The emphasis on shareholder value has led to disasters, such as Enron and the BP oil spill.
Back to those 1970s pronouncements. The actual text was to "act in the best interest of the shareholders," which doesn't always mean maximize profit. It might, for instance, mean investing in the future of the company, so that its profits can continue for a longer time. In addition, those who made the pronouncements are having second thoughts.
The pharma industry is an example of what happened. In the first half of the 1900s George Merck, head of Merck & Co. said that profits would follow from how well their product benefited people.
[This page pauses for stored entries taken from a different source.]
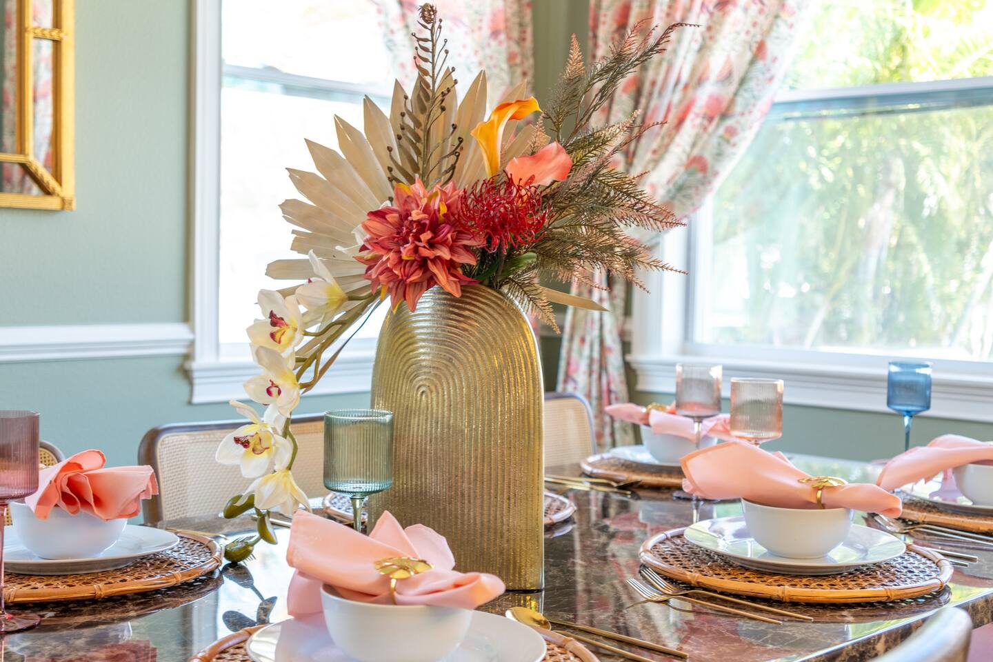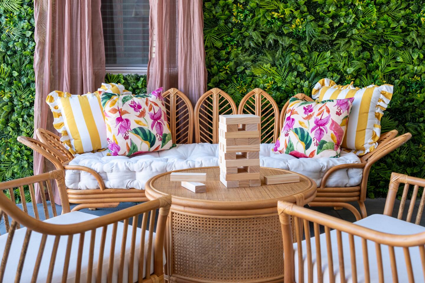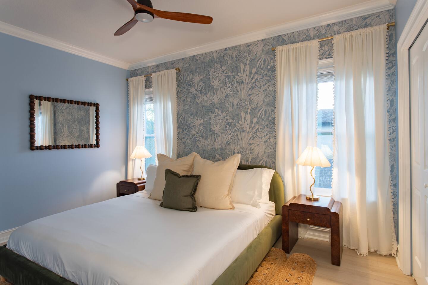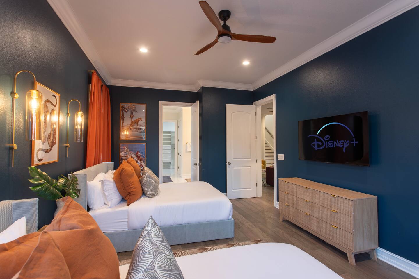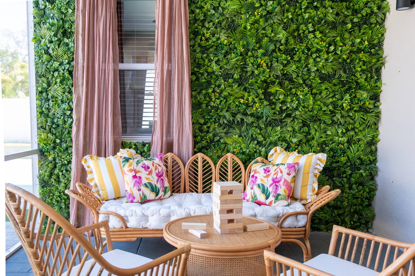 Welcome to The Palm Royale - A Gatsby Coastal Estate. Step into timeless elegance at this spacious two-story retreat. Just minutes from beaches, this home is 4 bedroom, 3.5 baths + a bonus bunkbed area! Spend sun-filled afternoons beside your heated pool, challenge friends to mini golf or pickleball then gather beneath the pergola for cocktails by the fire and outdoor cinema. Inside, the climate-controlled game lounge invites guests to unwind with poker, record spinning, and billiards!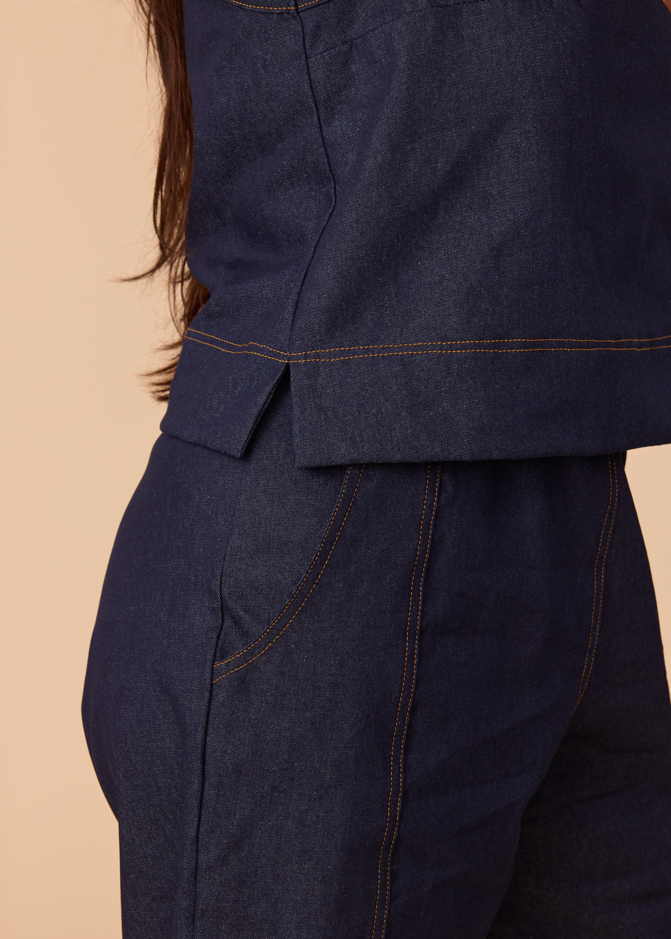 • Indigo is made of 100% Cotton 6 oz. denim twill, Ivory and Gingham are made of 100% linen, a durable fibre derived from flax, produced without fertilizers or pesticides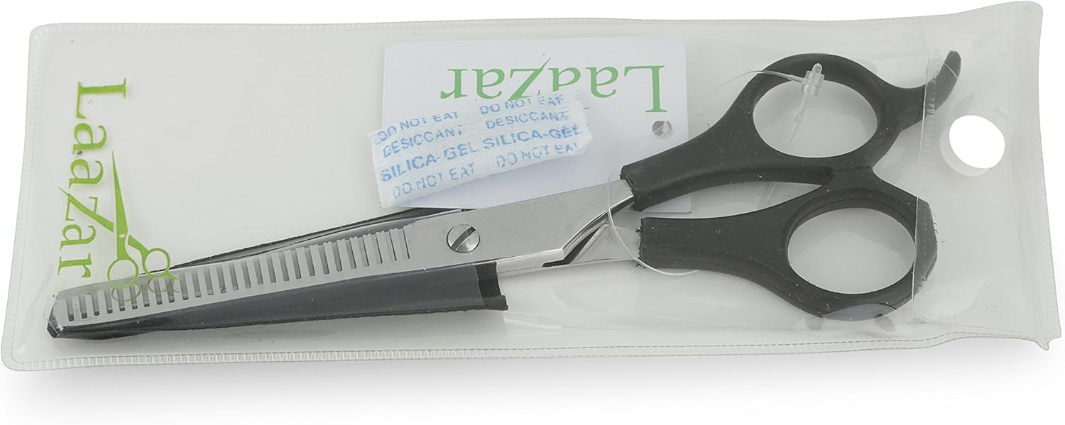 Laazar Brand specializes in quality blades for good price. This 6.5 42-T Pet Thinning Scissors has a plastic handle with attached finger rest for ease on your hands. Thinning Shears are essential with the thicker coated pet breeds. Use to ease mat and tangles and result a smoother thinner coat. Blade is of quality and sharpness for a great dog / cat groom or trim.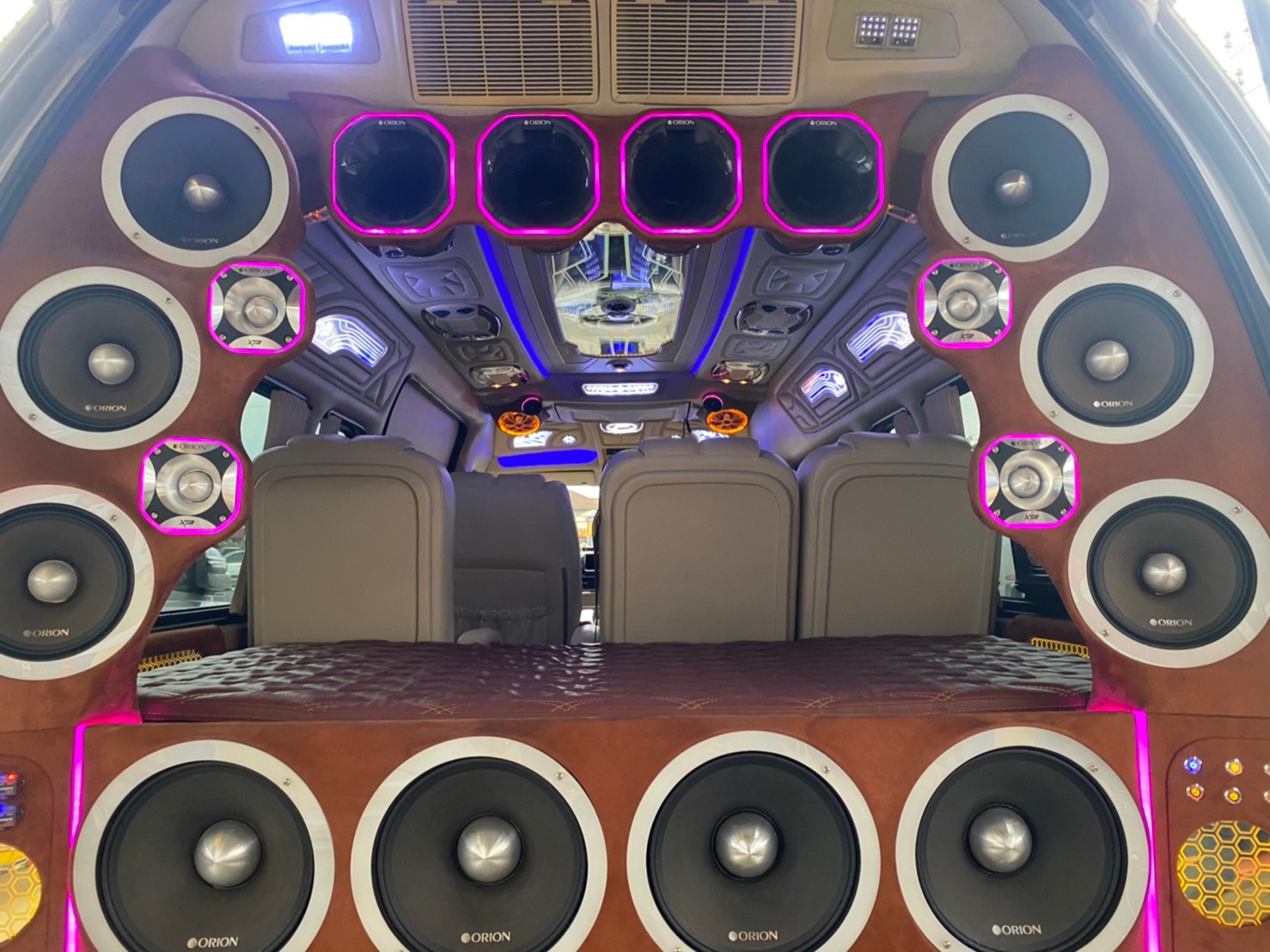 ด้านท้ายลำโพงไฟเต็มระบบ ลำโพงตู้ซับ 4 เครื่อง

And the corporation did well.
But now the big pharma companies don't create the drugs, they buy them from elsewhere. That saves on development costs. Then they try to find new uses for the drugs. A second component of profit is taxes. A move to Ireland will help that along. And third is prices. It's no longer what is appropriate for the patient. It's how high to price the drug to boost income. The drive isn't to help patients, it's to help investors.
Those "activist investors" mentioned before are now usually hedge fund managers. Many times these guys will force a corporation to make some changes (see those threats mentioned above). Then once the stock prices has risen, they cash out. But the changes they forced on the corporation usually lead to big long-term problems.
Alas, one of the big sources of hedge fund money is us – in particular, public pension plans in our names. That's because the plans were set up with the expectation of high returns. Failure to meet those returns mean the plans are underfunded (and that usually implies the gov't entity that created the plan underfunded it at the start). These funds must pursue high returns to meet oblications. The other big source of money now in stocks is our 401(K) accounts and the mutual funds we invest in. But we're usually silent investors – do you know all the corporations in your accounts? And that allows the activist investors to speak with a louder voice.
Recently, many corporations have done stock buy-back programs. Yes, they are spending money to buy themselves. The reason is simple. It increases the value of the company in the eyes of the shareholder. But that value is only gained when the stock is sold.
A side effect of a buy-back is that it attracts shareholders who are in it for the short term. Those activist investors look for corporations with lots of cash on hand. They buy stock, raise hell, the management does a stock buy-back, and the investors cash out. That's essentially a wealth transfer from the corporation to the investor. Alas, that means the corporation no longer has that money for useful things like investing in their future – including stabilizing their workforce with higher wages and better benefits and also withstanding economic slumps. It also means the decisions are driven by the people who matter least – shareholders in it for a short time.
I know you would have never guessed this one... When the focus is on shareholder value, who loses? Yes, of course. Workers. The big way to make shareholder value go up is to reduce assets. And workers are assets. But the work still needs to get done. The result is the temp worker.
I remember when I worked for the auto industry (gosh, I left 9 years ago!) many of my colleagues were temp workers – even though many of them stayed for years and held important institutional knowledge. The reason is simple – it was a lot easier to reduce the number of workers by canceling temp contracts.
But it also means lower wages and skimpier benefits. And no permanence. Just try to buy a house when you list a temp company as your employer.
We've been hearing the GOP bellow for years that tax breaks should be given to the "job creators." But modern corporations see no value in creating jobs. Adding jobs reduces shareholder value.